Aviva Bhansali and Anushka Kelkar
“I had to either repay the money I owed or give up my life.” These are the words of Shubham Kitukale, a farmer living in India’s rural Vidarbha region. He slipped into serious mental distress when his failing farm led him to bankruptcy. Kitukale drank a bottle of pesticide at a nearby bus station.
He was lucky to wake up in a hospital the next day, and get counselling support through an NGO’s community mental health program in his village.
The sad truth is that while this may seem mundane to a majority of Indians, with 15,000 farmers committing suicide every year since 2001. However, the reasons behind this widespread catastrophe of farmer suicides are often attributed only to crop failure, climate change, high debt and the like.
Mental illness – which often increases the vulnerability of a farmer to resort to such drastic actions – is often ignored as a factor in conversations around this topic.
“It needs to be understood that at times a farmer under a debt of Rs 2 lakh shows a tendency to end his life, while another under a debt of Rs 10 lakh does not,” said Sarabjeet Singh, professor at Punjab Agricultural University.
Adopting this perspective while zooming out to the larger landscape of problems persisting in rural India, points to the critical role that mental healthcare-focused interventions have the potential to play in catalysing social impact on-ground.
Mental health is often misunderstood as an issue that only the privileged have the luxury of prioritizing. In fact, the situation in rural India is far worse because of triggering environments that increase an individual’s susceptibility to contract a mental illness; a lack of awareness on the subject and widespread stigma shrouded around mental illness; and a dearth of resources and facilities.
India is home to an estimated 56 million people suffering from depression and 38 million more from anxiety disorders, according to the World Health Organization (WHO). Although 20 percent of the country’s population suffers from mental health illnesses, only less than 12 percent of the population seeks help. Those who do are far more likely to be affluent and located in urban areas with access to mental health care services. This therefore sometimes leads to the misconception that the mental health crisis is only prevalent among the elite.
However, this is far from the truth – People residing in rural India are often desperately in need of mental healthcare.
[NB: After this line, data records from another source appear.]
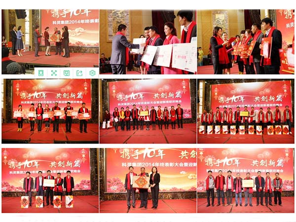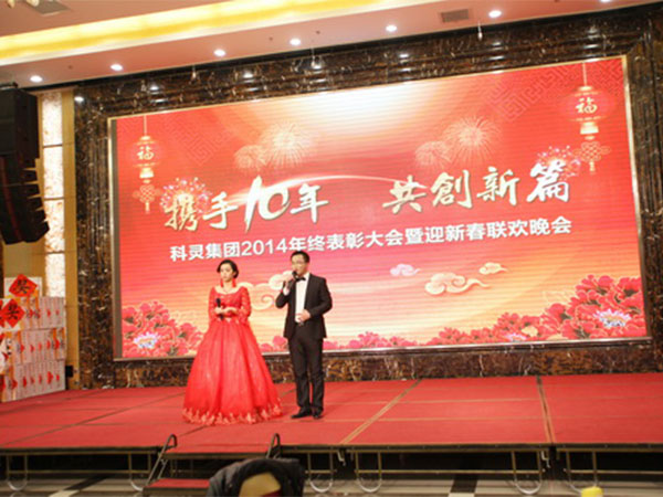 2月10日,科靈集團2014 “攜手10年,共創(chuàng)新篇”年度表彰大會暨新春聯(lián)歡晚會慶典于濰坊君豪大酒店隆重舉行。年會由年度總結(jié)、新年晚會、優(yōu)秀表彰、年終晚宴四部分構(gòu)成,集團公司及子公司全體員工齊聚一堂,共話公司一年來的發(fā)展,規(guī)劃新一年的戰(zhàn)略方向。
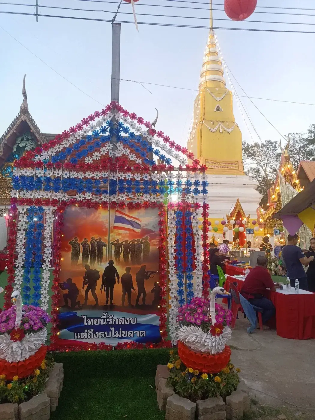 ไทยนี้รักสงบสิ่งที่บอกถึงความจงรักภักดี ต่อสิ่งที่ศักดิ์สิทธิ์และมีคุณค่า หากว่าจะกล่าวถึงความรักชาตินั้น ชาติที่ยังคงอยู่ เสมอ มีความรักรักในเนื้อที่ที่เรียกว่าแผ่นดิน ก่อนหน้านั้นเราเคยคิดว่า ฝนปัจจุบันที่มีในส่วนของความเจริญแล้ว จะยังสงครามไหมแต่พอเราน้้นมาเจอในส่วนของตรงนี้ นั้นเราปลื้มใจ ทุกครั้งที่เห็นธงชาติไทยเรานั้นภาคภูมิใจอย่างมาก
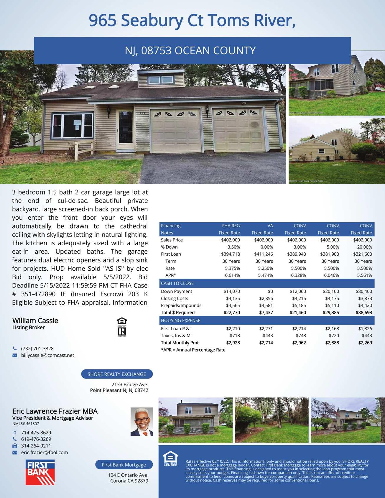 v bedrooms SingleFamilyHome Contactlistingbroker Ericl.frazier NMLSID:461807 Phone:(800)261-1634ext.703 eric.frazier@thepowerisnow.comWilliamCassie (732)701-3828 Yearbuilt:1987 Propertygallery Propertycasen0:351-472890 Offerprice:$402,000 3 1 1,641 Propertyaddress 965SeaburyCtTomsRiver,Ocean County bathroomsSquarefeet
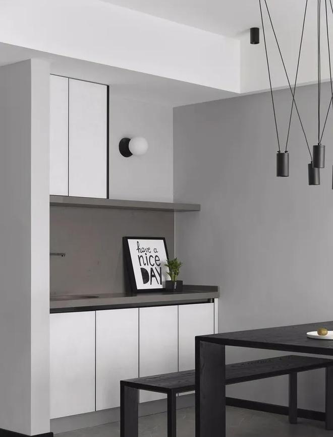 餐厅在灰色地面砖基础,布置黑色实木餐桌与板凳,后方定制白色餐边柜中间加入西厨操作台,布置黑白色的装饰画,还有小盆栽的装饰,也让用餐氛围充满现代优雅的高级感。
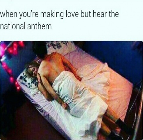 It's never the wrong time to stand at attention when the national anthem is playing.

Given the triggering environments that they are often forced into, an individual’s susceptibility to contract a mental illness actually increases.
Those who have a biological predisposition to having a mental illness are more likely to develop it if their circumstances are particularly triggering. Since a typical rural Indian’s daily life is replete with such risk factors – crushing poverty, indebtedness, childhood trauma, malnutrition, broken families, physical/sexual/verbal abuse, alcoholism, etc. – he or she is more likely to slip into despair than someone else in the absence of these triggers.
It is critical for us to think about mental health as not just as a health issue, but as one that is inextricably linked to socioeconomic and cultural factors. With approximately 70 percent of the population residing in rural parts of India, it is more important than ever to understand the way that mental illnesses play out in rural India.
Awareness and access
With an aggregate literacy level of only 71 percent in rural India, this problem is compounded by a lack of awareness of what constitutes mental illness and how it manifests, and the widespread stigma surrounding it. When Sushma Kamble started displaying signs of schizophrenia, she was cast out by her family. They believed that she was the reason for all the misfortunes that struck her family--from her father’s death to her brother’s accident.
Sushma’s story is unfortunately far from uncommon. In a study conducted in Delhi, more than 50 percent of respondents from rural areas believed that mental disorders are caused by polluted air, and almost half thought them to manifest because of a loss of semen or vaginal fluid, diminished sexual desire, or punishment for past sins.
Moreover, even after recognizing the causes of mental illness symptoms correctly, a majority of people residing in rural India choose to go to local faith-based healers instead of mental healthcare practitioners. This is often due to the discrimination that these patients face from their communities when they visit these certified practitioners, and the difficulty involved in accessing mental healthcare services. Barring Kerala, each of India’s 29 states fell short of the WHO’s requirement of at least 1 psychiatrist for every 100,000 persons.
The challenges to solving the mental health crisis in rural India are immense, but the development sector’s willingness to address them has increased over the last few years. Dasra’s report, Mind the Gap, lays out key priorities for action in the mental health space in India. NGOs such as Ishwar Sankalpa, Minds Foundation, and The Banyan have taken up the mantle for paving the way for a transformative impact in this space.
Critical areas of focus have been integrating mental health into overall healthcare systems; linking solutions to other development priorities to enable full inclusion; and creating viable alternatives to institutional care, such as community-based models. However, India’s annual health expenditure is only 1.15 percent of the gross domestic product, and the mental health budget is merely less than 1 percent of this budget.
Hence, to accelerate traction in these areas, government representatives, philanthropists and non-profits need to come together and collaboratively champion the cause of our society’s most vulnerable and violated groups - so that millions of people can come out the shadows, regain their dignity and live fuller lives in a world that better understands them.The authors are Analysts at the Knowledge Creation and Dissemination team of Dasra — A strategic philanthropic organisation seeking to drive capital towards India’s most pressing problems.